PROBLEM TO SOLVE:
Among the entries below, copy only the span from the line containing "15新锋范改装油门踏板 304不锈钢材质免打孔离合刹车哥瑞油门踏板" through the line containing "Features a powerful". Do so exactly, and skip the pictures.

MATERIALS PROVIDED:
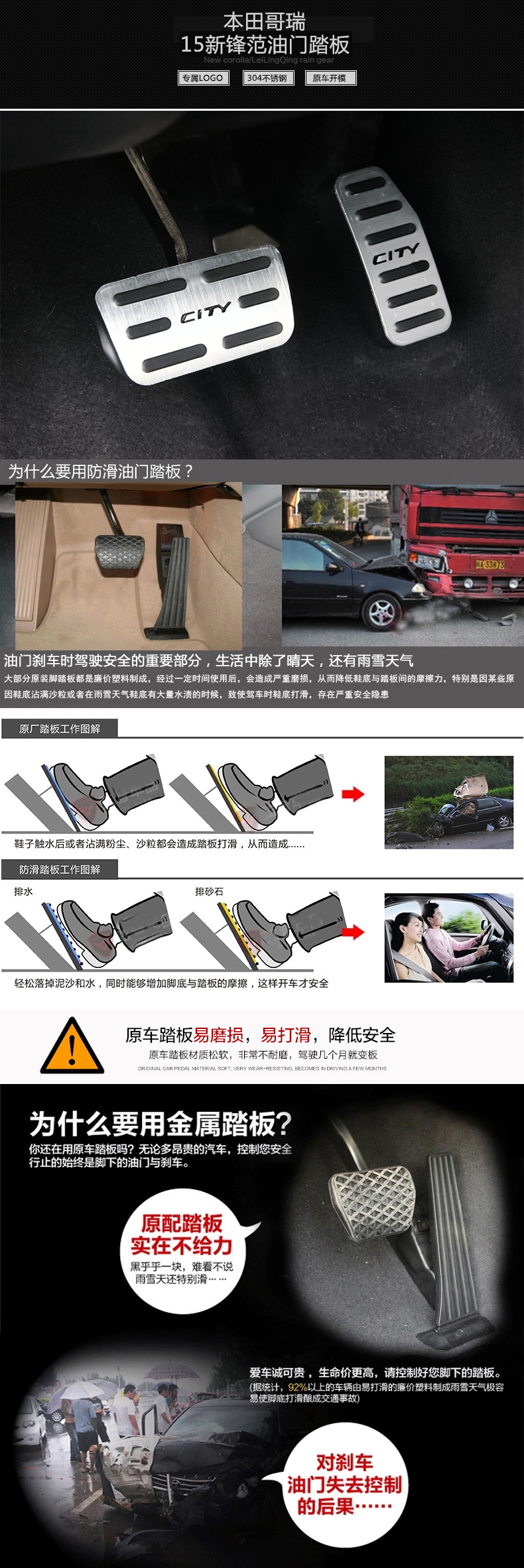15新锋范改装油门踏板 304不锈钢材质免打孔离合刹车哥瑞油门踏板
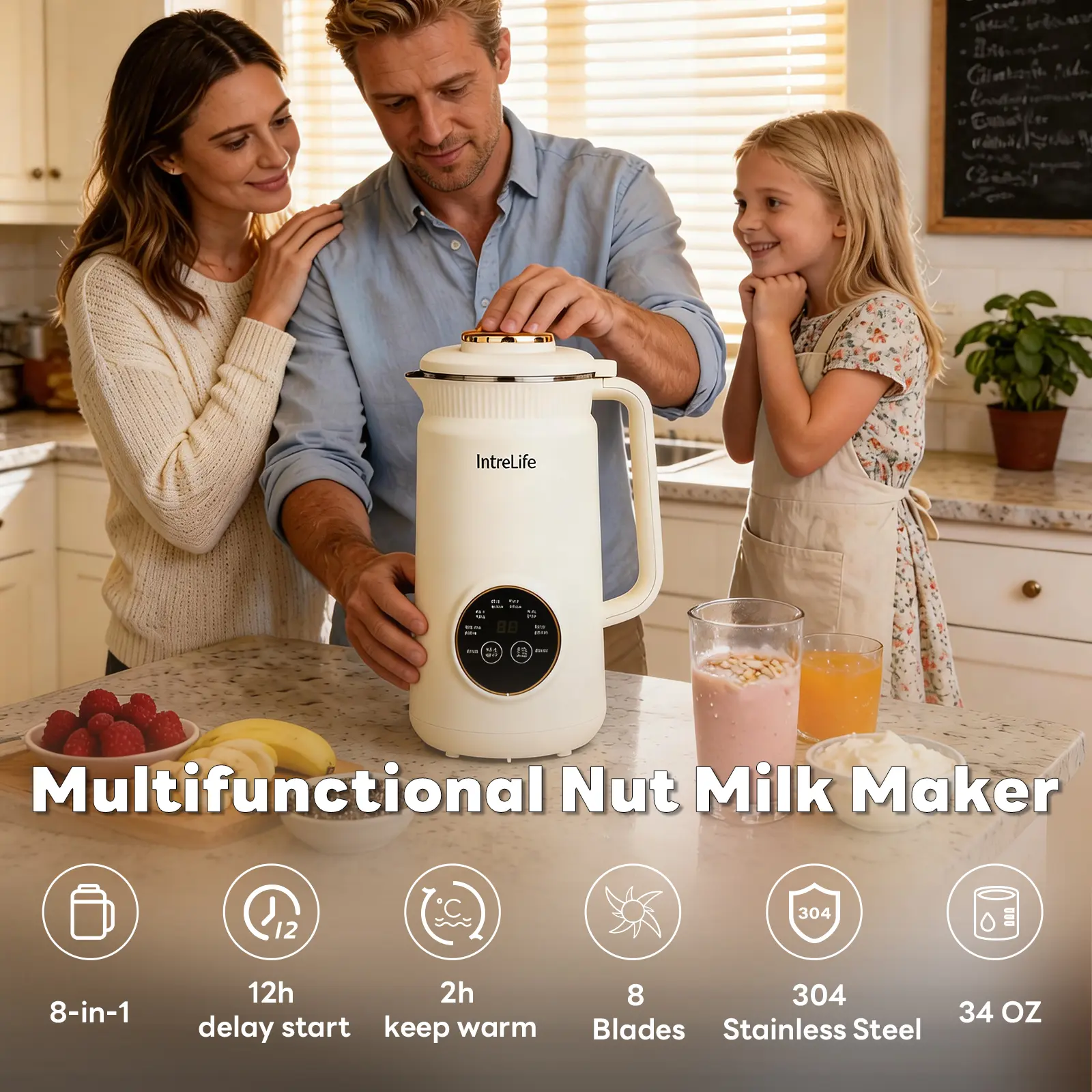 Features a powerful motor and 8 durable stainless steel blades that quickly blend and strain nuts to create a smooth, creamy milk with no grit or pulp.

---

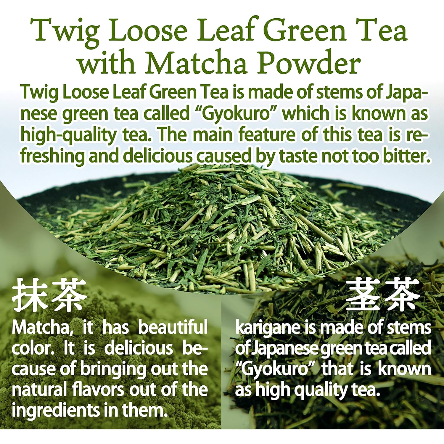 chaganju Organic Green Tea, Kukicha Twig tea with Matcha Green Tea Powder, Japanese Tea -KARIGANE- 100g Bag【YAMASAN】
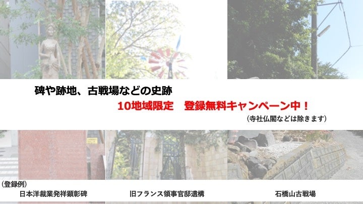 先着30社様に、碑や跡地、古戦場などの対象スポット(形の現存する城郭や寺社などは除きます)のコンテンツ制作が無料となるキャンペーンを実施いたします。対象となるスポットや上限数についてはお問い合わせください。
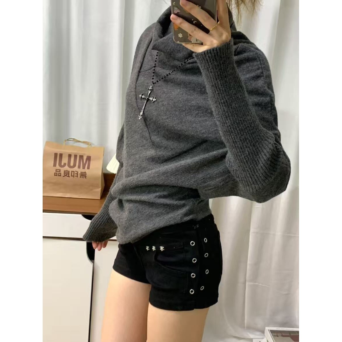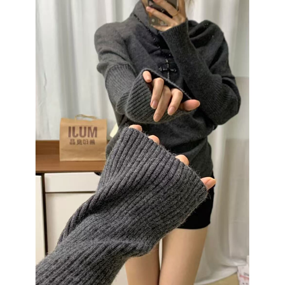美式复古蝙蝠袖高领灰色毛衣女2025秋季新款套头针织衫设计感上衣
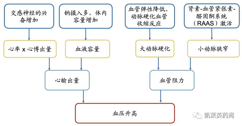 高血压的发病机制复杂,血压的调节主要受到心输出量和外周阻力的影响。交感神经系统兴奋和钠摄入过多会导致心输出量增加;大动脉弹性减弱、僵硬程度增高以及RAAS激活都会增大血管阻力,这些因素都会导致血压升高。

ANSWER TO THE PROBLEM:
15新锋范改装油门踏板 304不锈钢材质免打孔离合刹车哥瑞油门踏板
 Features a powerful motor and 8 durable stainless steel blades that quickly blend and strain nuts to create a smooth, creamy milk with no grit or pulp.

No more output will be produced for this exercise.